Extracted records
*****

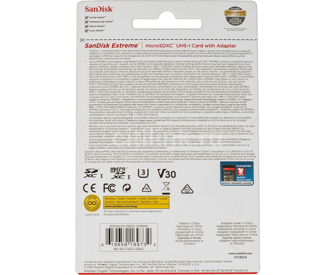 Карта памяти SANDISK MicroSDXC 256GB SDSQQVR-256G-GN6IA UHS-3
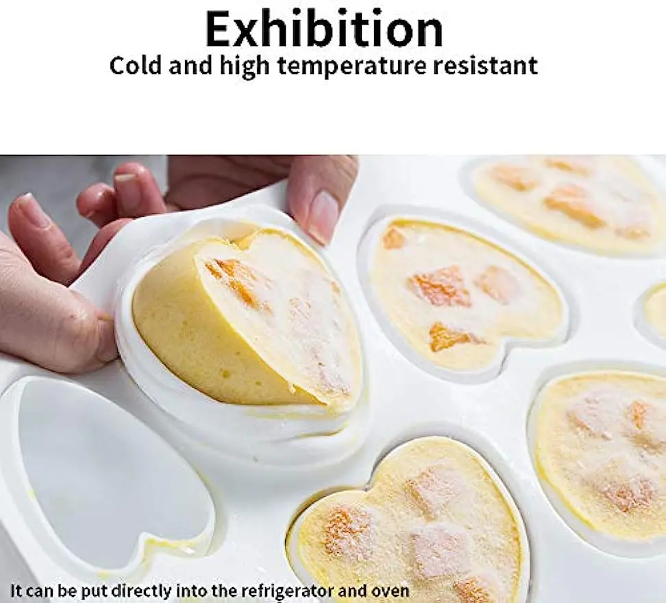 مصنوع من سيليكون طبي عالي الجودة 100% ، خالي من مادة BPA الضارة ، مقاوم للحرارة، مرِن، وسهل الفك بدون ما تلتصق فيه المواد. مناسب تمامًا للفرن، المجمد، المايكرويف، الغسالة الصحون، ويتحمل درجات الحرارة من -40 إلى +230 درجة مئوية (-40 إلى 446 فهرنهايت) .
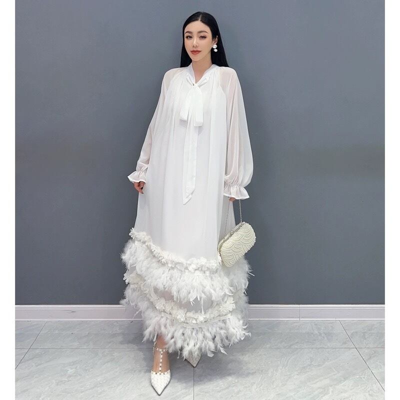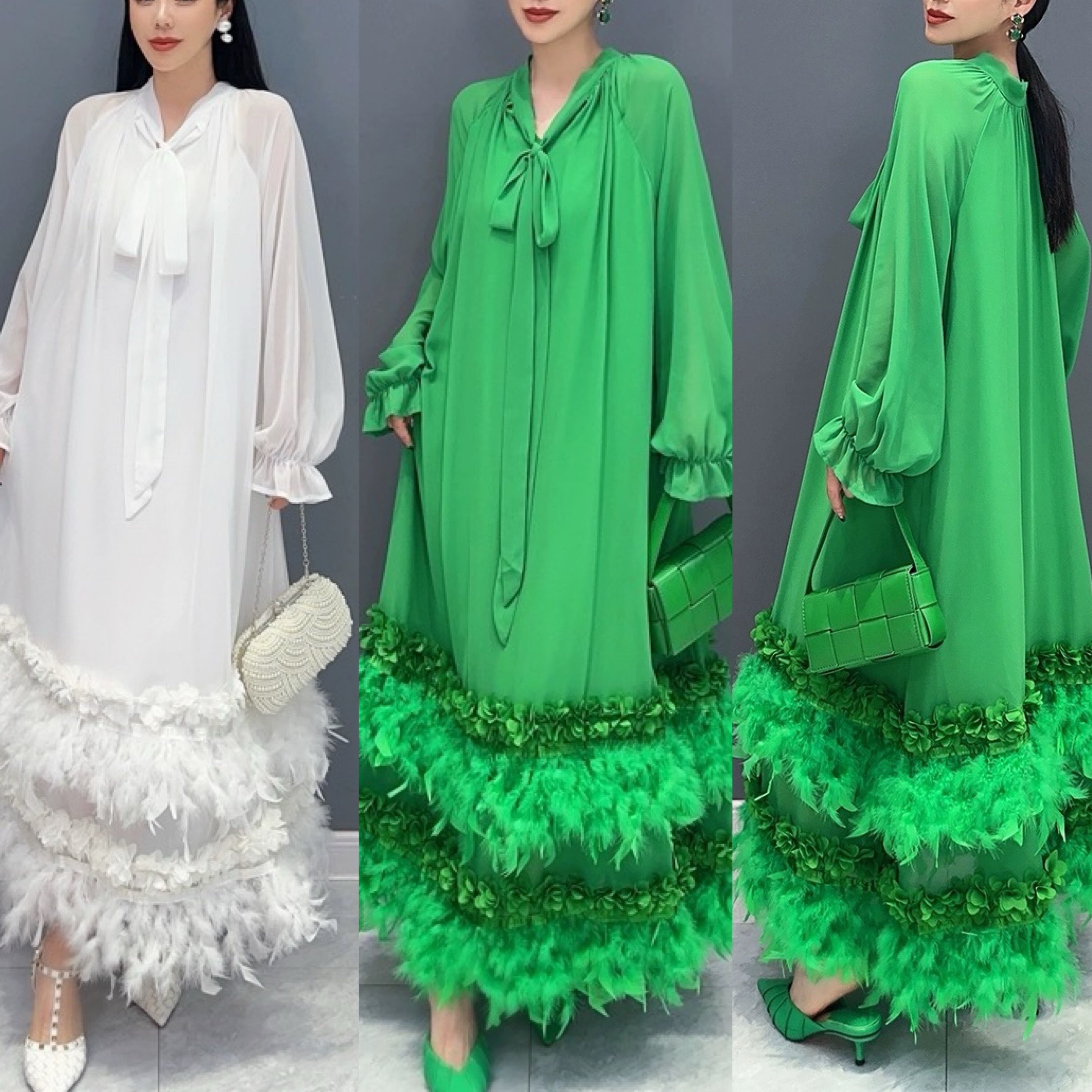 緑 白 マキシ ワンピース エレガント リボン
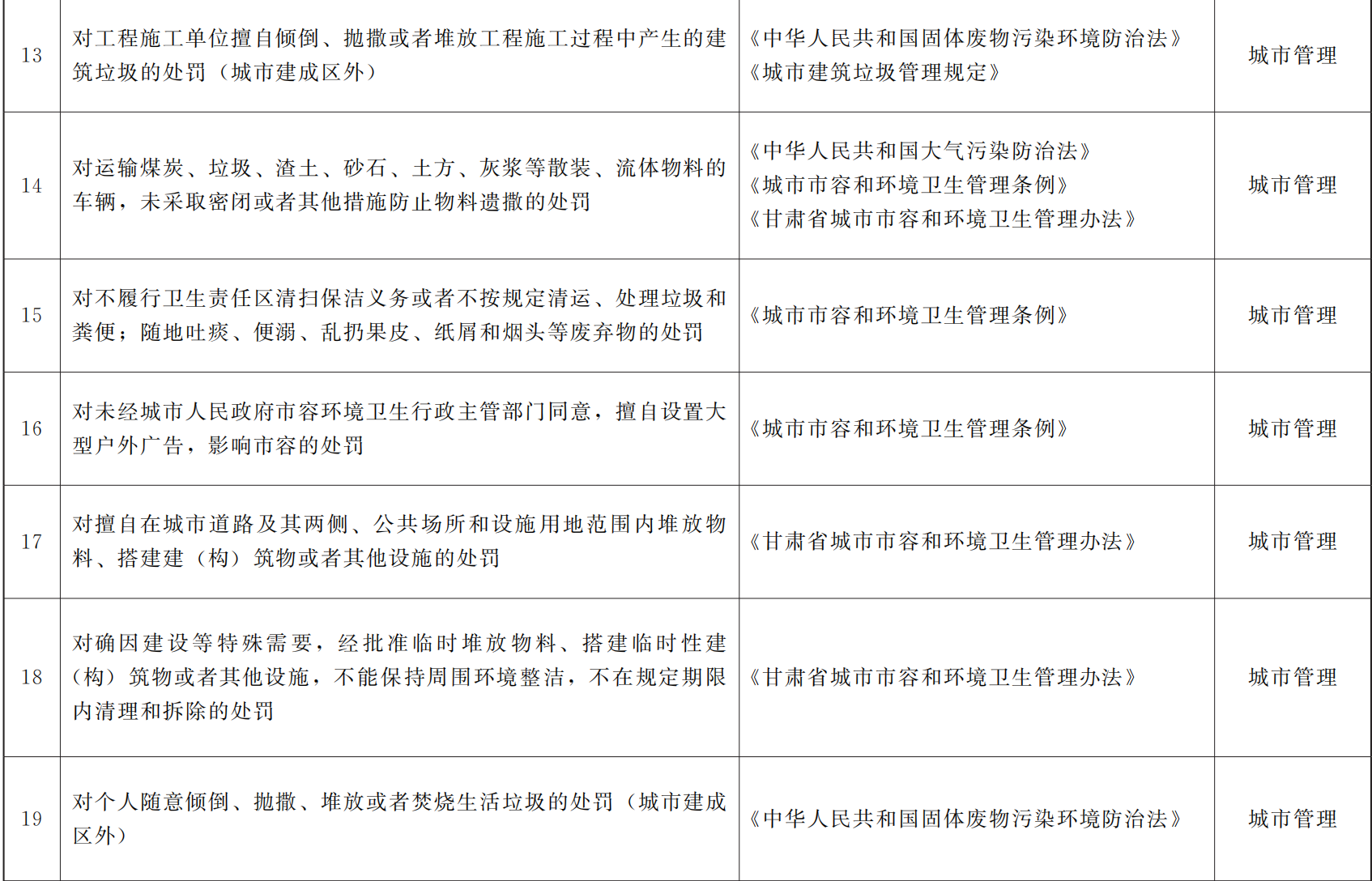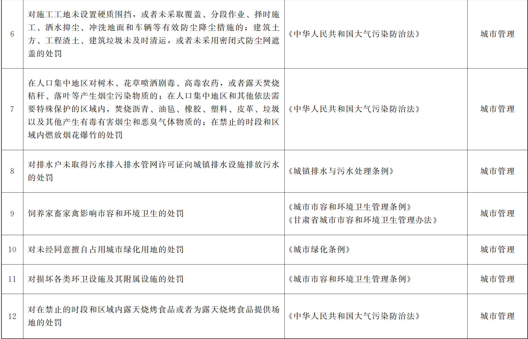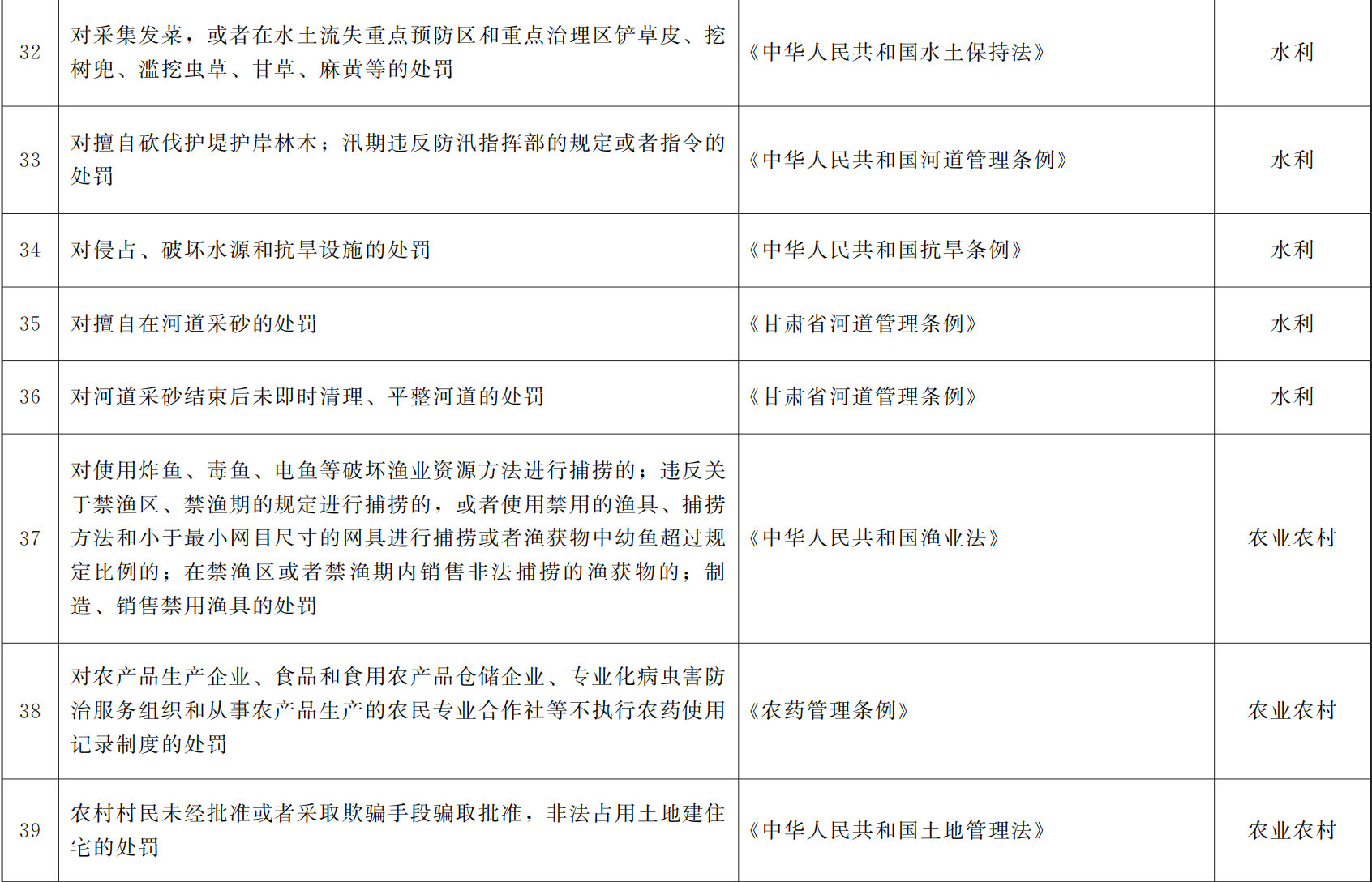 甘肃省赋予乡镇(街道)部分县级行政处罚权指导目录
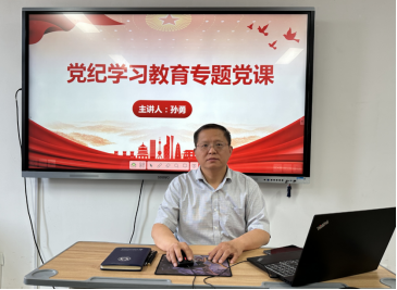 6月6日,Beat365中文官方网站党总支教工党支部书记孙勇在郑州校区办公楼504为Beat365中文官方网站全体教师讲授党纪学习教育专题党课。本次专题党课以“学党纪,强党性,明底线,守规矩”为主题,旨在引导教师们深入学习党的纪律,强化党性修养,明确行为底线,严守党的规矩。
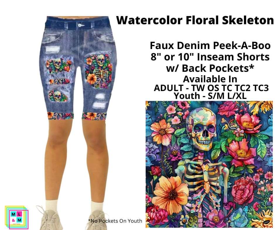 Watercolor Floral Skeleton Faux Denim Shorts w/ Back Pockets
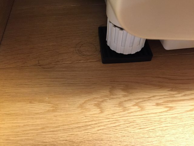 防振ゴムを洗濯機の足の下に敷いて、念のためつっかえ棒を取り付けました、試運転してみると結構揺れますが移動することもなく完璧な仕事でした。

*****

**What the exercise asks**
Produce the data again character for character, with the images left out.

**Written answer**
 Карта памяти SANDISK MicroSDXC 256GB SDSQQVR-256G-GN6IA UHS-3
 مصنوع من سيليكون طبي عالي الجودة 100% ، خالي من مادة BPA الضارة ، مقاوم للحرارة، مرِن، وسهل الفك بدون ما تلتصق فيه المواد. مناسب تمامًا للفرن، المجمد، المايكرويف، الغسالة الصحون، ويتحمل درجات الحرارة من -40 إلى +230 درجة مئوية (-40 إلى 446 فهرنهايت) .
 緑 白 マキシ ワンピース エレガント リボン
 甘肃省赋予乡镇(街道)部分县级行政处罚权指导目录
 6月6日,Beat365中文官方网站党总支教工党支部书记孙勇在郑州校区办公楼504为Beat365中文官方网站全体教师讲授党纪学习教育专题党课。本次专题党课以“学党纪,强党性,明底线,守规矩”为主题,旨在引导教师们深入学习党的纪律,强化党性修养,明确行为底线,严守党的规矩。
 Watercolor Floral Skeleton Faux Denim Shorts w/ Back Pockets
 防振ゴムを洗濯機の足の下に敷いて、念のためつっかえ棒を取り付けました、試運転してみると結構揺れますが移動することもなく完璧な仕事でした。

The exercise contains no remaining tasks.